[Exercise directions]:
Every line from the opening of the records to the line with "것이라고 밝힌 바있다." should be restated exactly, with both ends included and the pictures left out.

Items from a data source
──────────────────────────────

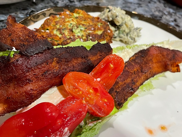 We needed a quick low carb dinner after a long day, followed by a walk to the beach to see a gorgeous sunset. We wound up making zucchini fritters and BLTs on lettuce wraps. Delicious and low carb.
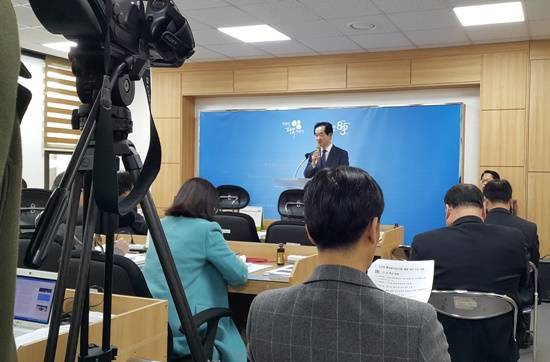 ▲지난 23일 기자간담회장에서 기자의 항소심 관련 질의에 답하고 있다. 안시장은 예측이나 발언 대신 조용하게 법리로 대앙할 것이며 공적인 책임감을 가지고 최선을 다할 것이라고 밝힌 바있다.
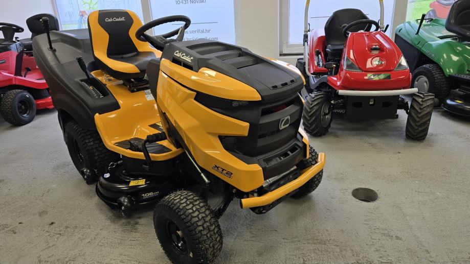 Prodaje se nova traktor kosilica Cub Cadet XT2 Enduro series - najnoviji model 2024. godina proizvodnje, Kawasaki motor, dva cilindra, uljna pumpa, hidrostatski pogon, kosište s dva noža, širina otkosa 106 cm, košara za skupljanje trave.
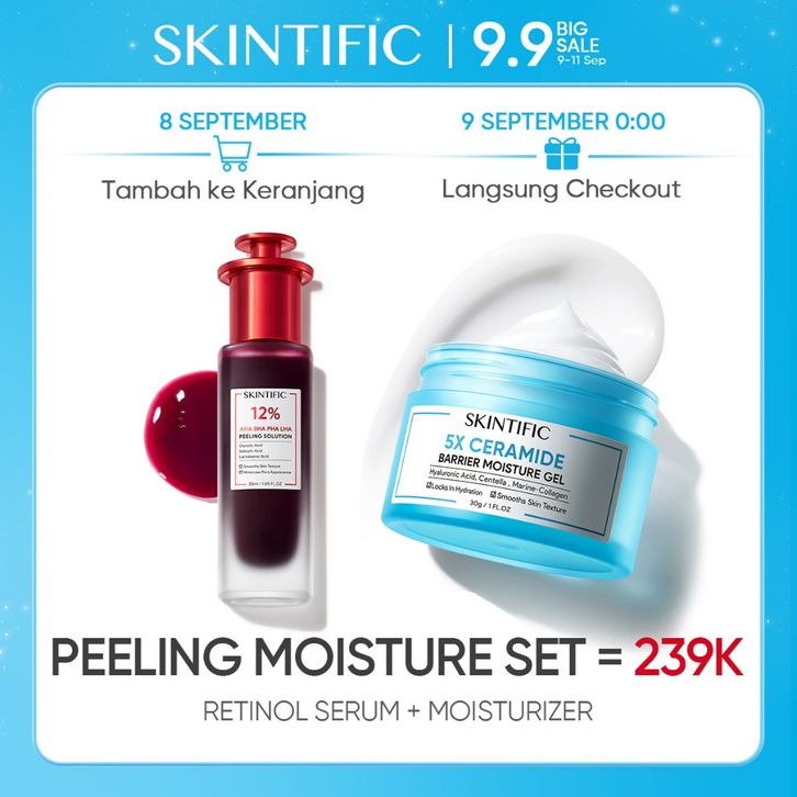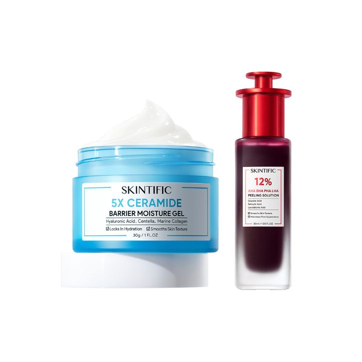 New Launch SKINTIFIC - 2pcs Paket-Skincare Set | 12 Acid Peeling Solution Serum 30ml + 5X Ceramide Barrier Moisturizer
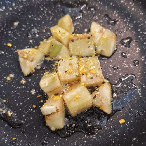 Баклажан, нарезанный кубиками и очищенный от кожицы, выложить в разогретое на сковороде оливковое масло.
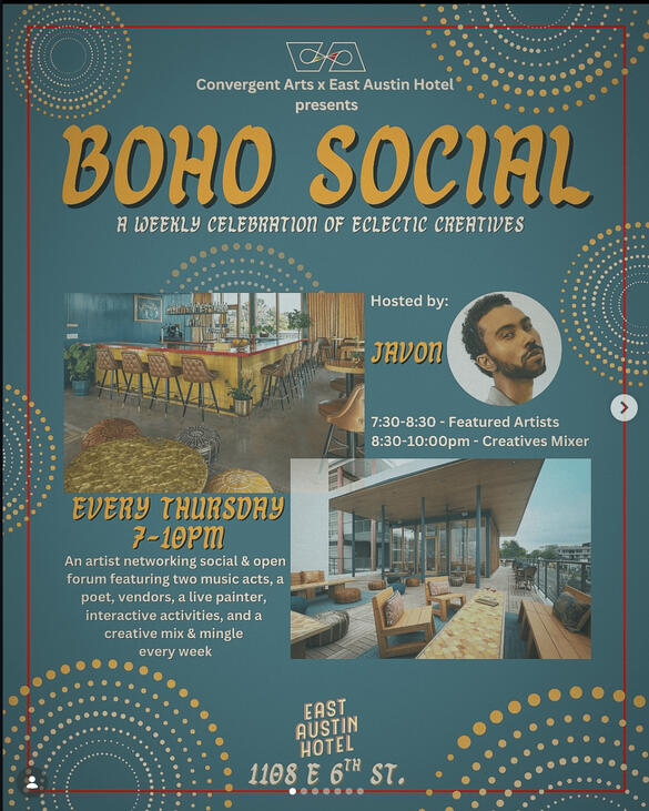 In Partnership with Convergent Arts and East Austin Hotel, we curated a third space for creatives, local vendors and communities to coexist together. Live Music, Drink Special and Positive Energy making this great weekly programming
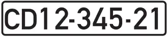 Diplomatic Corps/Consular Corps registration plates are rectangular with white background and embossed with black registration number. Diplomatic/Consular Corps registration numbers consist of the letters CD/CC (respectively) and seven digits—the last two of them are 21 or 22. Private vehicles owned by a member of a diplomatic/consular mission and originally brought from the member's country of origin do not carry the letters CD/CC, but the last two digits remain 21 or 22. Honorary consuls' vehicles carry plates consisting of the letters CC without the final digits of 21 or 22, even though the vehicle is registered under a civil registration number.

──────────────────────────────

[Response to this exercise]:
 We needed a quick low carb dinner after a long day, followed by a walk to the beach to see a gorgeous sunset. We wound up making zucchini fritters and BLTs on lettuce wraps. Delicious and low carb.
 ▲지난 23일 기자간담회장에서 기자의 항소심 관련 질의에 답하고 있다. 안시장은 예측이나 발언 대신 조용하게 법리로 대앙할 것이며 공적인 책임감을 가지고 최선을 다할 것이라고 밝힌 바있다.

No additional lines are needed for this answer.